Ransom note found inside home of Pebble Beach art owners

By Khalida Sarwari

The Monterey County Sheriff’s Office is investigating a ransom note containing a death threat found at a Pebble Beach home where artwork worth an estimated $27 million was stolen Friday.

The burglary happened sometime between 1 p.m. and 6:45 p.m. Friday at the home of Angelo Benjamin Amadio and his housemate Ralph Kennaugh at 4027 Sunridge Road.

One of the residents found a typewritten ransom note Tuesday afternoon demanding money for the return of the art and containing a death threat to the victims, Cmdr. Mike Richards said.
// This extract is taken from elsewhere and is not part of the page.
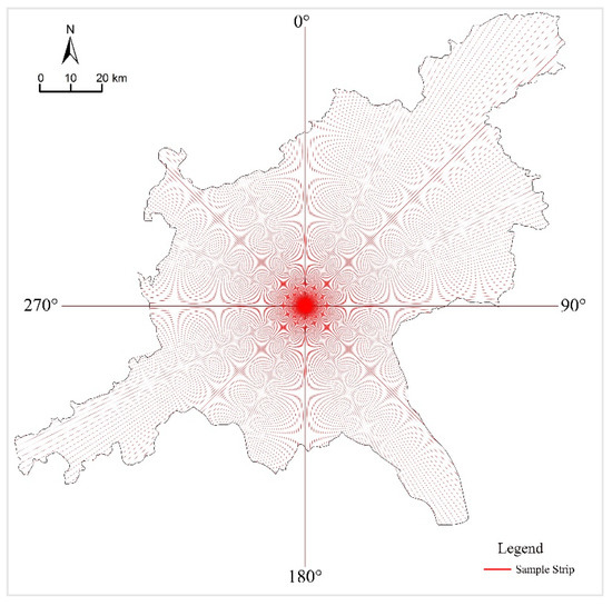 The empirical framework for delineating urban areas based on POI and DMSP/OLS nighttime light data involves four steps (see Figure 3). In the first step, the cleaned POI and NPP/VIIRS nighttime light data were divided according to city administrative boundaries and were integrated by using the mean value method to generate a new POI and NPP index core density map. In the second step, the area to be measured was divided into 360 splines at a 1° interval from the city center, and sampling points were set at 500 m intervals from the direction of no spline from the city center to the edge (see Figure 4). The constructed POI and NPP index values were assigned to each sampling point. In the third step, given that the POI and NPP index (which reflects urban density) gradually decreased from the urban core area to the urban fringe area and then to the rural area, the breakpoint model was used to find out the two breakpoints among these three areas and to connect the adjacent breakpoints into a line. In the fourth step, the area where the lines were aligned was evaluated, and the space units with a spatial discontinuity area of less than 10 km2 were removed to obtain the final result. The key steps are described in the following sections.

Amadio said the suspect or suspects appeared to have entered through an unlocked guest bedroom window and fled with the artwork before he and Kennaugh, a retired radiation oncologist, arrived.

“Whoever did this knew us and knew our collection,” Amadio said in a telephone interview Tuesday morning. “There are probably no more than five or six people who knew about our collection.”
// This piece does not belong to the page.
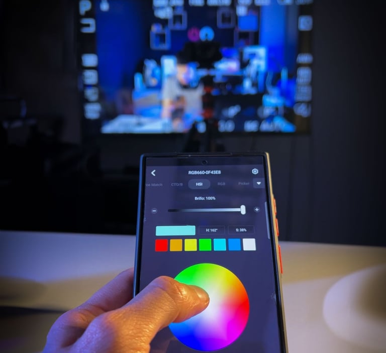 Perfecto para crear contenido de forma autónoma, iluminación profesional posibilidad amplia gamma de colores, especial para e-learning, talleres, cursos, reels, tutoriales, unboxing, streaming.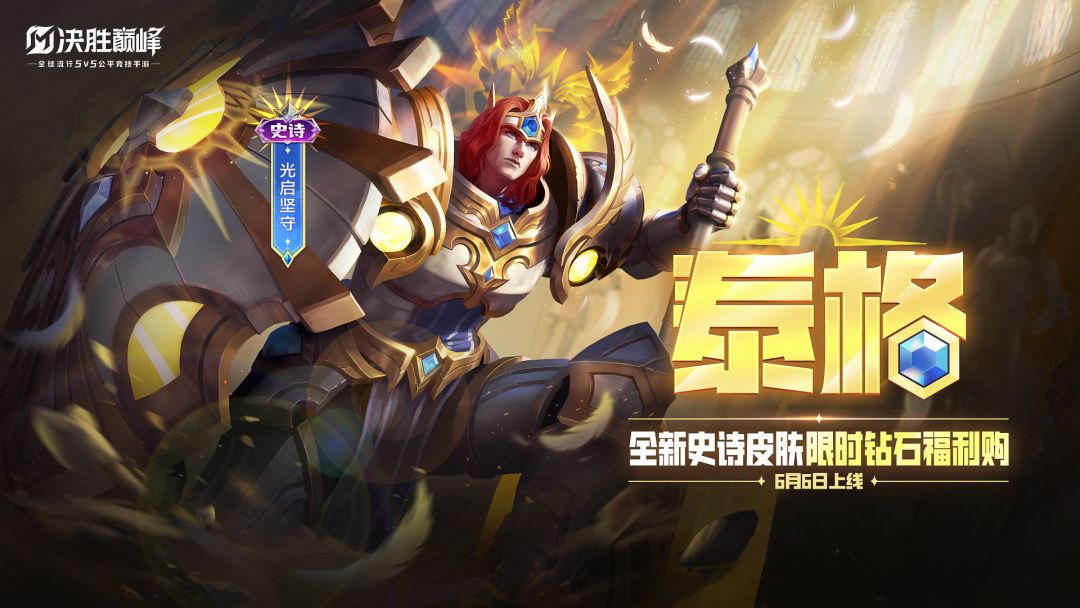 6月6日,泰格全新史诗皮肤「光启坚守」将正式上架【商城】,售价880限时钻石,各类活动赠送的限时钻石都可以用于兑换该皮肤哟!喜欢「泰格」的友友们千万不要错过啦~

Amadio said he has lived at the home for about four months and is in the process of starting an alternative asset investment company.

Amadio said he and Kennaugh are offering a $1 million reward for information leading to the recovery of the art pieces — if they are returned anonymously and undamaged. The reward offer could be increased to $5 million if information received leads to the arrest of the perpetrators, Amadio said.

Among the art stolen are Rembrandt works “Woman Making Water” and “St. Jude Praying.” Amadio said many of the pieces have never been on the market, including a Pollock painting valued at approximately $20 million and works by Van Gogh, Pierre-Auguste Renoir, and Henri Matisse.

Amadio said he and Kennaugh have accumulated about 300 substantial pieces of art worth an estimated $70 million over a period of two or three decades.

Along with the artwork, business records and a hard drive were also stolen, in addition to about 20 to 30 items valued at roughly $100,000, including lithographs, prints and vintage posters, Amadio said. Approximately 100 of the most valuable pieces remaining in their collection are being removed from the house and stored in an insured, secured facility.

The Monterey County Sheriff’s Office is pursuing leads in the case, Cmdr. Mike Richards said. He said while the FBI has not yet been
contacted, “We many contact outside resources at a point when we feel it’s necessary.”